When the Council of the District of Columbia determined to cease having certain minor traffic violations treated as offenses prosecuted in the trial court I am persuaded that such determination, as enacted in the Traffic Adjudication Act of 1978, passes statutory and constitutional muster. The Act does not run afoul of the Home Rule Act since it is neither an act "with respect to any provision of title 23 . . . (relating to criminal procedure), or with respect to any provision . . . of titles 22 or 24 . . . (relating to crimes and treatment of prisoners)", nor is it an act "with respect to any provision of title 11 . . . (relating to organization and jurisdiction of the District of Columbia courts)." See D.C. Code 1978 Supp., § 1-147(a)(4) and (9).

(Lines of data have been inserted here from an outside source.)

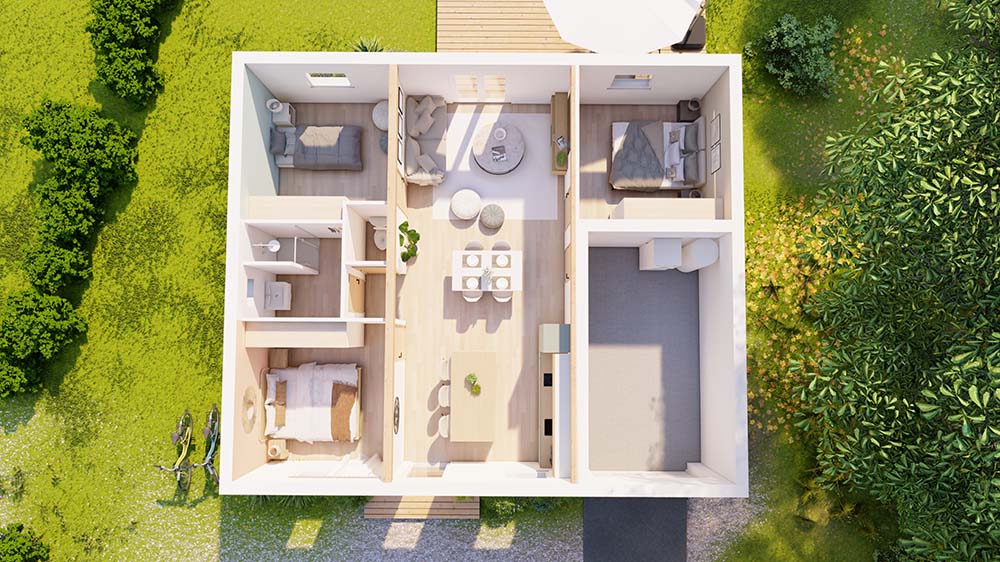 Modèle « Clé en main » tout équipé optimisé et aménagé pour la location, le travail, les loisirs ou pour y vivre à l’année.
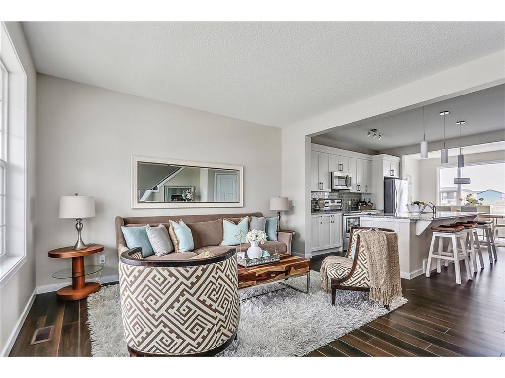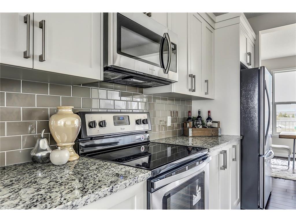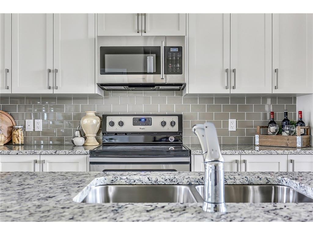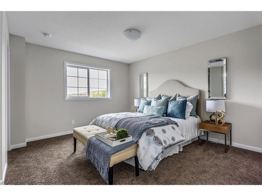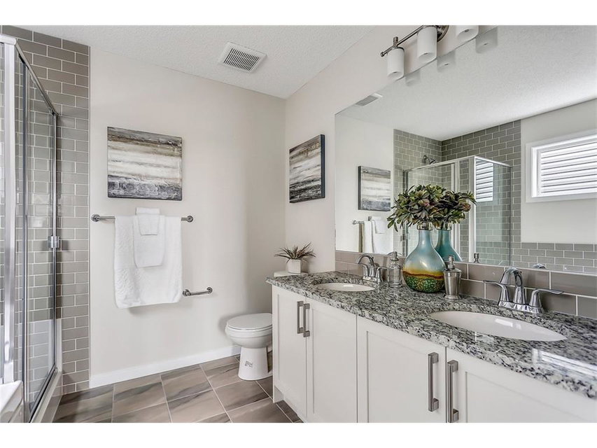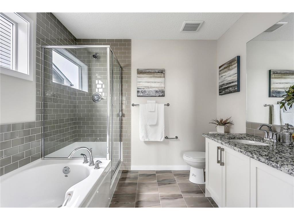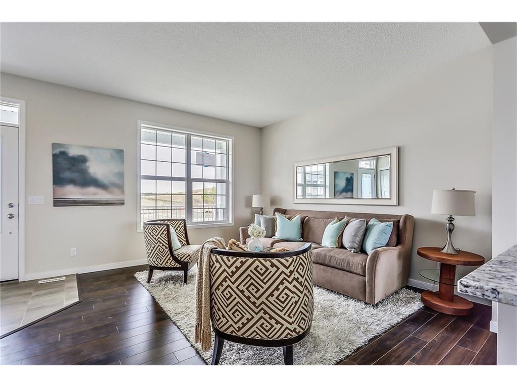 with white cabinets and granite countertops. The upper level includes a master retreat, two additional great-sized bedrooms and upper floor laundry! The large master bedroom can accommodate a bedroom suite of virtually any size and includes a full 5 piece private en suite in addition to its walk-in closet. Many upgrades throughout the home include: laminate and tile flooring, granite countertops, stainless steel appliances, front-load washer and dryer, and a rear deck. This brand new home includes a full Alberta New Home Warranty in addition to it’s builder warranty. Legal fees are included in the purchase. Don’t wait – buy a brand new single family home for under $400,000 today!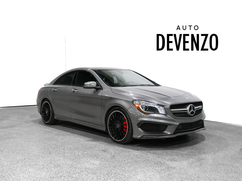 2015 Mercedes-Benz CLA45 AMG 2.0L 355HP, Grey Metallic / Black Artico Dinamica , AMG Night Package, AMG Drivers Package, 19'' Wheels Multi Spoke Matte black Wheels, Carbon Fiber Interior Trim, Carbon Fiber Rear Spoiler, Red Brake Calipers, Premium Package, GPS Navigation, Harmon Kardon Sound System, Rear View Camera, Moonroof Auto Devenzo, Leader des concessionaires usagés de véhicules de luxe au Canada Venez vivre une experience et un service VIP hors du commun. Visitez notre page Instagram et Facebook Transport partout au pays. Nous offrons le meilleur programme de garantie prolongée pour véhicule haut de gamme. Nous reprenons votre échange a un prix tres competitif Devenez propriétaire de la voiture de vos reves !! Financement & Leasing Credit-Bail Disponible Come Visit Our New Showroom Of Exclusive Vehicles Of All Makes And See Why We Are The New Jewel Of Used Car Dealers In Canada !! Transport offered all over the country at competitive rates Premium Extended Warranty Available For High End Vehicles Valid Across The Country Bank Financing and Leasing We Accept All Trade-Ins !!

"Serious offenders" are specifically excepted from the reach of the Act. D.C. Code 1980 Supp., § 40-1111. In the instant case, appellees were found by a hearing examiner, respectively, to have failed to give full time and attention while operating a motor vehicle, turning left from the wrong lane and changing lanes without caution, and passing a red light.
In addition, the Act clearly meets the dictates of due process by providing for a hearing before a fine can be imposed or attendance at traffic school can be required of those who are found by the examiner to have committed traffic and parking infractions. The Act also creates an Appeals Board to provide administrative review of examiners' decisions and permits an application to the trial court for an allowance of an appeal so that there is a form of judicial review.
Decisions that suspend or revoke a driver's license are to be reviewed pursuant to the District of Columbia Administrative Procedure Act. D.C. Code 1980 Supp., § 40-1125.
I am not persuaded that these newly-constituted proceedings to dispose of this limited group of vehicular and pedestrian infractions constitute contested cases and so must be governed by the DCAPA. The term "contested case" has an established meaning within the context of administrative law. However, the Council, as enunciated in its Statement of Purpose and in the exercise of its police powers, was attempting by the Act to create "a uniform and more expeditious system . . . for the disposition of traffic offenses." (Emphasis added.) To me, the Council by enacting the Act was attempting to divert criminal cases from the crowded dockets of the trial court into a different and more efficient system of disposition by civilian authority. I would analogize this to the use of United States Magistrates to dispose of minor criminal offenses to prevent further burgeoning of the federal district court dockets. See 18 U.S.C. § 3401.
Accordingly, I agree that the order of dismissal for want of jurisdiction must be reversed.